Nie przestanę cię kochać, okej?

1.4K 101 88
                                    

Powoli sunęłam palcem po jego plecach...

-Ugh...

Sunęłam w dół, zapamiętując każdy szczegół.

-Boże...

Nie chciałam tego kończyć. Opuszkiem palca nadal dotykałam jego umięśnionych pleców... Ciekawe, czy naprawdę upadł przez zło panujące na ulicy... Ta rana... Rana Chata...

-Nie...

Powoli dochodziłam do końca. Spodnie. Wyobraziłam, sobie, że to kot. W ten sposób nie myślę o tym, jak o czymś dziwnym.

Cała czerwona siedziała, patrząc się na śpiącego chłopaka.

-Cholerny Agreste!

Walnęła go poduszką, a ten podskoczył, budząc się

-Co do...

Szybko skłamała.

-Chrapałeś... Nie dało się wytrzymać...- Odwróciła się, zdenerwowana.

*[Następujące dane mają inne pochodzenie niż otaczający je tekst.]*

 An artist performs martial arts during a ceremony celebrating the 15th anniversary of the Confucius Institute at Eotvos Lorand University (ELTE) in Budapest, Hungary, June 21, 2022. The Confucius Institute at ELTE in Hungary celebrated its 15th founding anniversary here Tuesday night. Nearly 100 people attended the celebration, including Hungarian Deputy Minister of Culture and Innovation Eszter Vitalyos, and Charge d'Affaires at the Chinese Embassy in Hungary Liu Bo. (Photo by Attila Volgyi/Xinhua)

-Nigdy nie chrapałem, ale przepraszam. Hej, coś się stało?

-To nie powinno się wydarzyć, Adrien.

-Marinette, ty nie rozumiesz...

-Mam chłopaka! Nie mam prawa dopuszczać do takich akcji!

-Więc co to było, to wczoraj? Kiedy mnie leczyłaś?

-Zamknij się!- krzyknęła, jednak chwile potem zamilkła.- To nic... Nic takiego. Sprawdzałam czy cię boli....

-Nie zdradzasz Chata ze mną, dlatego, że to ja...

Plagg w tym momencie odkuł ich. Patrzył się na nich, dźgając Adriena.

-Co do...- Adrien był kompletnie zdezorientowany.

-Plagg! Boże, co ci wpadło do głowy!?- krzyknęła Marinette z Irytacją, zapominając o tym, co chciał jej przekazać Adrien.

-Chciałem, żeby któreś z was zrozumiało. Pomogło?

-Pomogło...

-O JEZU TEN DEBIL TO OGARNĄŁ, BUAHAHAHA, NIE WIERZE- małe srworzonko zaczęło turlać się w powietrzu, śmiejąc sie. Jak ten tępy dziad mógł to zrobić przed Marinette?, myślał.

-Lepiej chodźmy.- Blondyn wstał, wpatrując się w nastolatkę. Wyskoczył z okna, a kiedy dziewczyna podbiegła do niego, klnąc, że co ten debil właśnie odwalił, jego już nie było. Skakał po dachach, wracając do swojej wielkiej, zimnej rezydencji.

Śmierdząca surykatka: Proszę, wróć.

Chat: Wieczorem, dobrze? Teraz jestem trochę zajęty.

Śmierdząca surykatka: Muszę ci coś powiedzieć. Znienawidzisz mnie.

Chat: Nic nie spowoduje, że nagle przestanę cię kochać.

Śmierdząca surykatka: Co powiesz na to, że zakochałam się ponownie w dwóch łudząco podobnych do siebie chłopakach na raz? Tylko jeden ma kocie uszy ;)

Nie wysłane

Śmierdząca surykatka: Obiecasz, że zostaniesz ze mną? Chociaż, nie powinnam nawet tego mówić...

Chat: Nie ważne co żeś tym razem odmiraculusowała, zawsze będę cię kochał.

Po jej policzkach spływały łzy. On ją tak kocha, a ona tak perfidnie go oszukała.